Lanes 1,12: 1 kb plus
Lanes 3-4: P1-P4-P5 XbaI/PstI
Lanes 6-7: P1-P4-P9 EcoRI/SpeI
Lanes 9-10: P1-P6-P7 EcoRI/SpeI
Ran e-gel of Yi-an's P1-1a digests from earlier today.
Lane 1,6: 1 kb plus
Lane 2: P1-1a EcoRI
Lane 3: P1-1a SpeI
Lane 4: P1-1a EcoRI/SpeI
Lane 5: P1-1a untreated
Cut out bands for P1-P4-P5, P1-P4-P9, and P1-P6-P7. Performed QiaexII gel extraction. Performed ligations: P1-P4-P5 (X/P) with pCMV BB (S/P), P1-P4-P9 (E/S) with P8 (X/P), P1-P6-P7 (E/S) with P8 (X/P). Froze P1-P4-P5-pCMVBB ligation to save for transformation tomorrow. Prepared PCR reactions of P1-P4-P9-P8 and P1-P6-P7-P8 ligations using primers L27S and GKA; incubated using program A in PCR machine 6. Performed PCR purification. Used 10ul of purified PCR in 50ul XbaI/PstI digests. Incubated for 6 hours. (Accidentally aliquotted 10ul PCR reaction into digest mixtures before purification.)
Lanes 1, 9: 1 kb plus
Lanes 3-4: P1-P4-P9-P8 XbaI/PstI
Lanes 6-7: P1-P6-P7-P8 XbaI/PstI
Excised bands, gel extracted. Ligated 5ul of each extraction with 5ul pCMV BB (S/P).

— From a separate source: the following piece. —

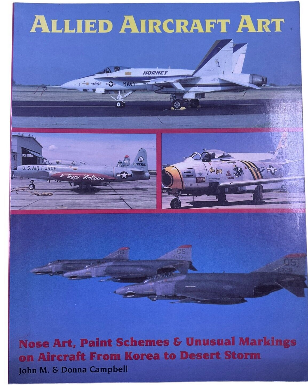 This is a used softcover Allied Aircraft Art Nose Art Pain Schemes Unusual Markings on Aircraft from Korea to Desert Storm John M and Donna Campbell Reference Book. Total of 64 pages with lots of pictures and information.

Transformations into XL1 competent cells.
1. P1-P2-pCMVBB (5/1 ligation)
2. P1-P2-pCMVBB (5/2 ligation)
3. P1-P3-pCMVBB (5/2 ligation)
4. P1-P4-P5-pCMVBB (5/2 ligation)
5. P1-P4-P9-P8-pCMVBB (5/2 ligation)
6. P1-P6-P7-P8-pCMVBB (5/2 ligation)
I got no colonies except for a bunch in (+) and one colony in P1-P6-P7-P8. I prepared a streak and a liquid culture from this colony.